Once the kdb Insights Enterprise upgrade has completed successfully, remove the legacy ingress-nginx controller from the cluster:
```
helm uninstall ingress-nginx -n ingress-nginx
helm uninstall external-ingress-nginx -n external-ingress-nginx
```
Allow time for the F5 Ingress Controller to fully take over ingress traffic. This transition may take up to 5 minutes. Monitor progress by checking the services in the nginx-community namespace - ensure all services reach a stable running state and that none remain in a pending state.
After the deployment has stabilized, access kdb Insights Enterprise and redeploy your packages. The CLI outputs the required commands upon completion of the upgrade process:
```
Packages and assemblies were not automatically re-applied.
To manually re-apply them, run: kxi pm deploy
Packages: ['example-package']
```
If you have deployed the Monitoring Stack and a Grafana ingress, also follow these migration steps.

Rollback to Ingress-Nginx

If you need to revert to Ingress-Nginx for any reason, follow these steps:

Reinstall Ingress-Nginx using the backup values.

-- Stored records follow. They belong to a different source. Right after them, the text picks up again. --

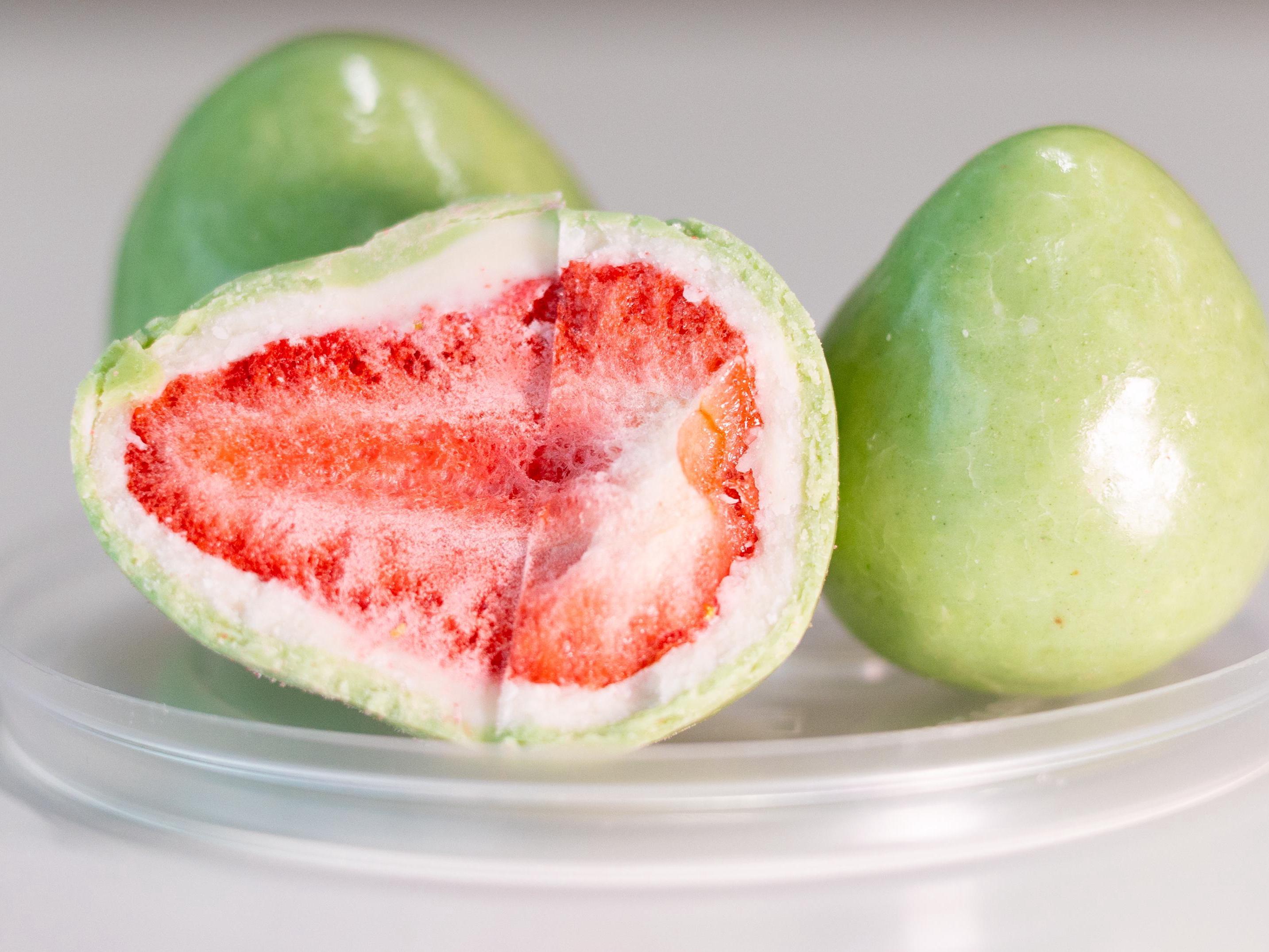 In fact, limeberry is just freeze-dried strawberries (that is, dried at low temperatures), and the prefix «lime» in the name comes from the flavored colored chocolate glaze.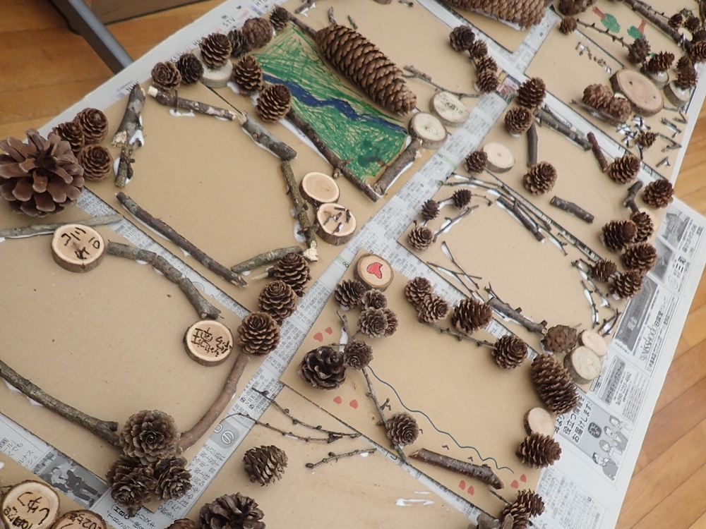 後半は、木のぶんぶんゴマづくりをしました。輪切りにしてある木の中心にキリで2つの穴をあけてタコ糸を通して遊びました。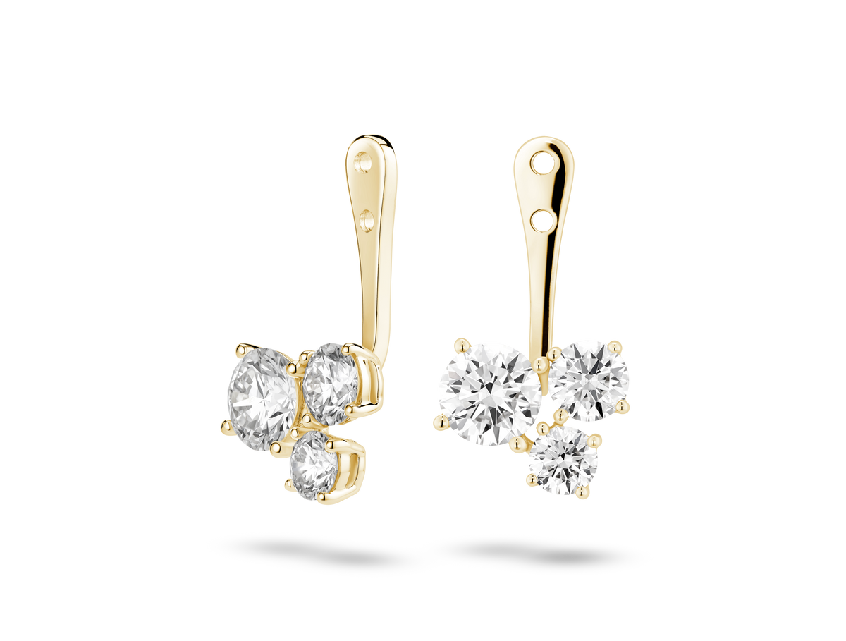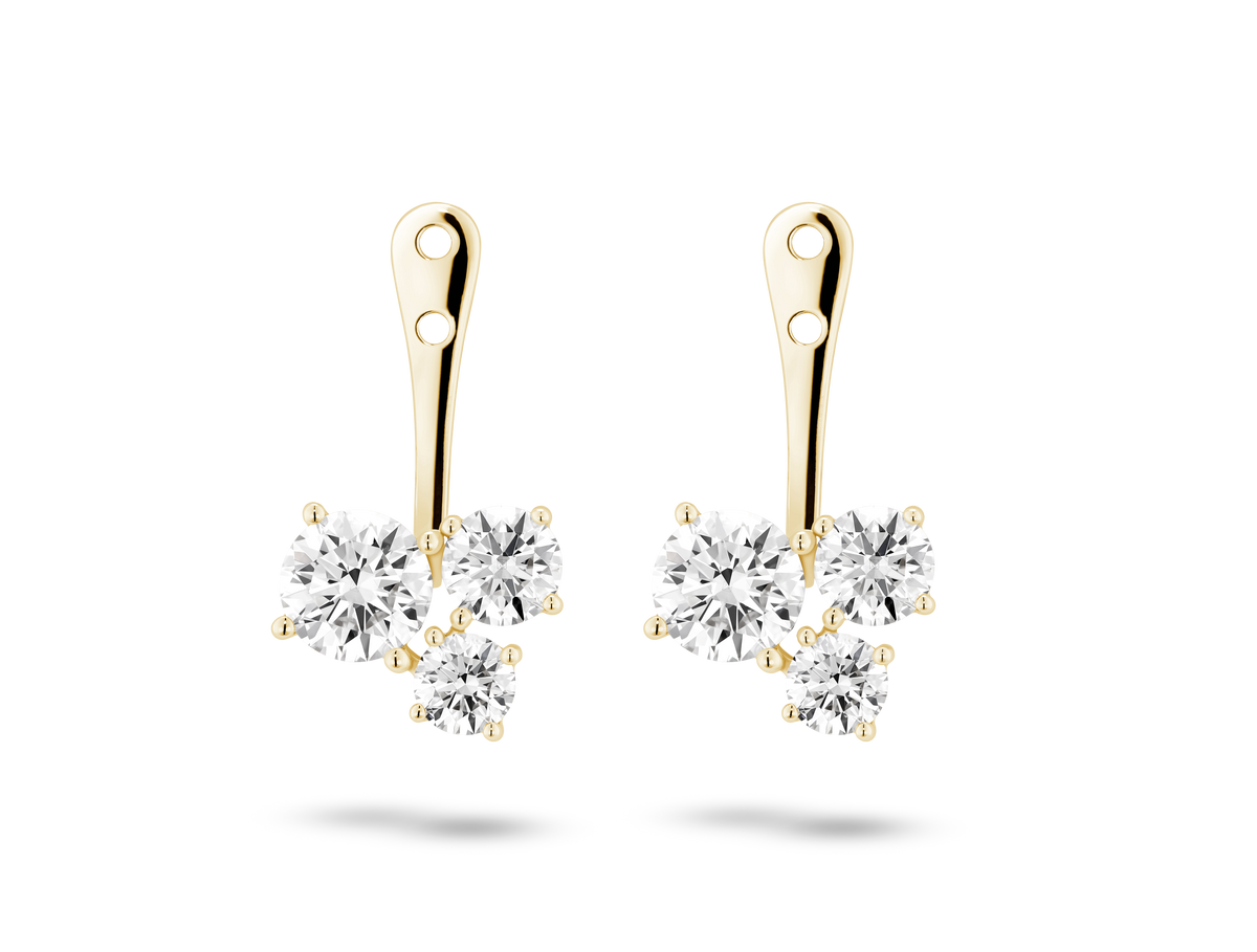 Hand crafted in 14k gold, each earring jacket is ⁸⁄₉ct.tw. Our stones are graded at VS+ clarity, Very Good cut and Near Colorless, grown from 100% renewable wind energy.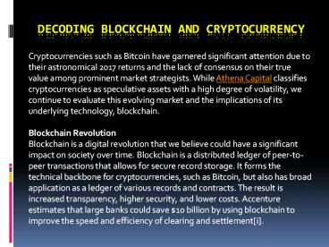 Title: Decoding Blockchain and Cryptocurrency

helm repo add ingress-nginx https://kubernetes.github.io/ingress-nginx
helm repo update

helm upgrade --install \
    -f "ingress-nginx-values-backup.yaml" \
    --namespace "ingress-nginx" \
    "ingress-nginx" "ingress-nginx/ingress-nginx" --version "4.11.5" \
    --create-namespace

If your cluster uses a private IP address, also perform the following:

helm upgrade --install \
    -f "external-ingress-nginx-values-backup.yaml" \
    --namespace "external-ingress-nginx" \
    "external-ingress-nginx" "ingress-nginx/ingress-nginx" --version "4.11.5" \
    --create-namespace

Reconfigure your Insights instance:

helm get values insights -n insights -o yaml | \
    yq '. * {"global": {"ingress": {"controllerType": "community-nginx", "class": "nginx"}}}' \
    > insights-vals.yaml


kxi install upgrade --version <your insights version>  --skip-packages -f ./insights-vals.yaml

Once the configuration is updated, run:

helm uninstall nginx-community -n nginx-community

Allow time for the F5 Ingress Controller to fully take over ingress traffic. This transition may take up to 5 minutes. Monitor progress by checking the services in the nginx-community namespace - ensure all services reach a stable running state and that none remain in a pending state.
Once the deployment has stabilized, access kdb Insights Enterprise and redeploy your packages. The CLI outputs the required commands at the end of the upgrade process:
```
Packages and assemblies were not automatically re-applied.
To manually re-apply them, run: kxi pm deploy
Packages: ['example-package']
```
If you have deployed the Monitoring Stack and a Grafana ingress, also follow these migration steps.